> REQUIRED ACTION: Reproduce word for word, from the entries below, the line with "フロントジップ仕様で程よいカ", the line with "最后是提问环节,参与活动的同", and every line between them, and nothing more.

> GIVEN ENTRIES:
■ ■ ■
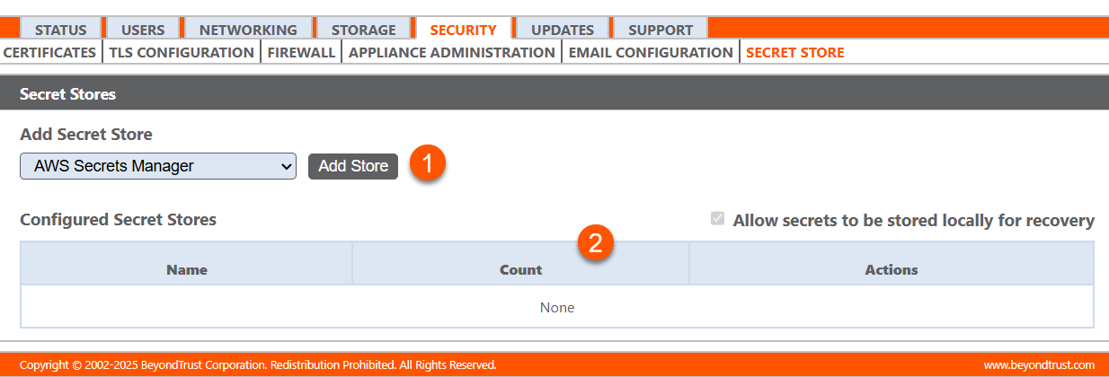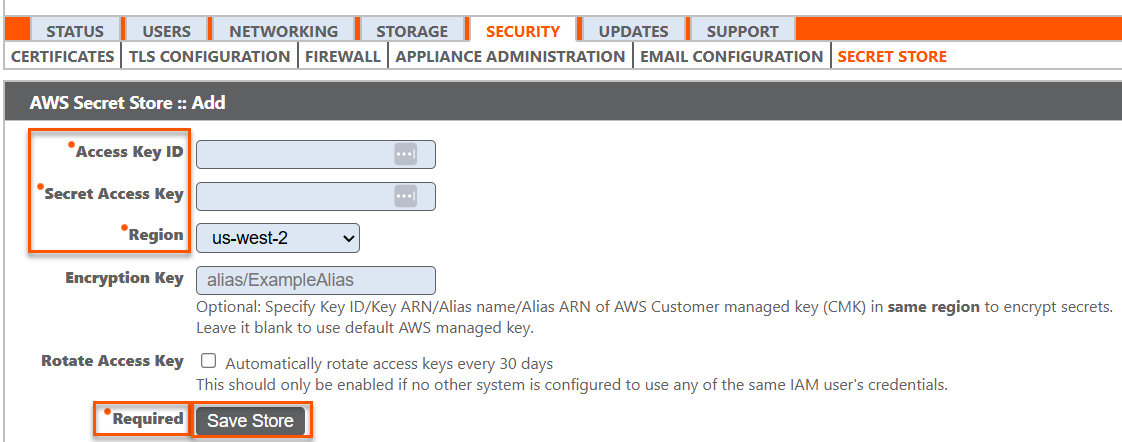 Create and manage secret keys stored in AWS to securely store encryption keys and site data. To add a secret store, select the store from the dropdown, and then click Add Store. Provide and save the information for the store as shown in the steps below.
■ ■ ■
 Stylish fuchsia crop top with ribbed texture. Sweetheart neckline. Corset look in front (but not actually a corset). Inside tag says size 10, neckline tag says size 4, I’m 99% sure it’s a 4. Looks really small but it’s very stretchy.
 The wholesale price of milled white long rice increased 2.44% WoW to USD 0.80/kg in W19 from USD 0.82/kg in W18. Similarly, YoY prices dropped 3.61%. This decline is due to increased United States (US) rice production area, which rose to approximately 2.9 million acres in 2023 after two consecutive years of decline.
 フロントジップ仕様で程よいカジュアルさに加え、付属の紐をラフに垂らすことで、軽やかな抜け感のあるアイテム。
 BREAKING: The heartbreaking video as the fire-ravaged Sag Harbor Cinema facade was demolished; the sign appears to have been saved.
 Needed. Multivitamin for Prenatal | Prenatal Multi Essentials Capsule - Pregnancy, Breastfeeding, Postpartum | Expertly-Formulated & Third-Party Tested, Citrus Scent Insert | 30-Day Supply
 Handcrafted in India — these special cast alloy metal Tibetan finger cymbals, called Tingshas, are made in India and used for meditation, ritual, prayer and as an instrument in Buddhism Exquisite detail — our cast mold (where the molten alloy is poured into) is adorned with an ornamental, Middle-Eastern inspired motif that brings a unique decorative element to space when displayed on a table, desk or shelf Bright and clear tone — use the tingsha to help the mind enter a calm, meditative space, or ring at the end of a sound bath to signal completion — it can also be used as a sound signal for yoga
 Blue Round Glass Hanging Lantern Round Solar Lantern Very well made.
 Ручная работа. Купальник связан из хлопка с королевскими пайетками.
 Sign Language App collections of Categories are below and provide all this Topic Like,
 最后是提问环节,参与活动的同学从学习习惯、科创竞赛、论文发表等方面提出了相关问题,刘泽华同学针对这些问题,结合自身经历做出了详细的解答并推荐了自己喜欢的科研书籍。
■ ■ ■
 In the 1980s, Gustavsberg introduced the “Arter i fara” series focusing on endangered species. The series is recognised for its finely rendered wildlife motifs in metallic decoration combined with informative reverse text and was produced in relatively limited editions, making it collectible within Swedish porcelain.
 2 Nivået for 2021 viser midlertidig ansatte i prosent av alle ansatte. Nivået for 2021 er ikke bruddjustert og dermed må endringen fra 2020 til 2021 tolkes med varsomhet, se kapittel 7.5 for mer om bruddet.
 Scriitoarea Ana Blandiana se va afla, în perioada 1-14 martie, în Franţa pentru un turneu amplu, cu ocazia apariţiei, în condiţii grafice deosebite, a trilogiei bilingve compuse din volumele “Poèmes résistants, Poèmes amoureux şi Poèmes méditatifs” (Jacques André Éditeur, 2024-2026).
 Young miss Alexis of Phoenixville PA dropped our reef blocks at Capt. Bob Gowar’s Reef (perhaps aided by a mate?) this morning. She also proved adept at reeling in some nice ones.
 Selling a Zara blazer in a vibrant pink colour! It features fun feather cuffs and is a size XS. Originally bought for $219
■ ■ ■
> RESULT FOR THIS TASK:
 フロントジップ仕様で程よいカジュアルさに加え、付属の紐をラフに垂らすことで、軽やかな抜け感のあるアイテム。
 BREAKING: The heartbreaking video as the fire-ravaged Sag Harbor Cinema facade was demolished; the sign appears to have been saved.
 Needed. Multivitamin for Prenatal | Prenatal Multi Essentials Capsule - Pregnancy, Breastfeeding, Postpartum | Expertly-Formulated & Third-Party Tested, Citrus Scent Insert | 30-Day Supply
 Handcrafted in India — these special cast alloy metal Tibetan finger cymbals, called Tingshas, are made in India and used for meditation, ritual, prayer and as an instrument in Buddhism Exquisite detail — our cast mold (where the molten alloy is poured into) is adorned with an ornamental, Middle-Eastern inspired motif that brings a unique decorative element to space when displayed on a table, desk or shelf Bright and clear tone — use the tingsha to help the mind enter a calm, meditative space, or ring at the end of a sound bath to signal completion — it can also be used as a sound signal for yoga
 Blue Round Glass Hanging Lantern Round Solar Lantern Very well made.
 Ручная работа. Купальник связан из хлопка с королевскими пайетками.
 Sign Language App collections of Categories are below and provide all this Topic Like,
 最后是提问环节,参与活动的同学从学习习惯、科创竞赛、论文发表等方面提出了相关问题,刘泽华同学针对这些问题,结合自身经历做出了详细的解答并推荐了自己喜欢的科研书籍。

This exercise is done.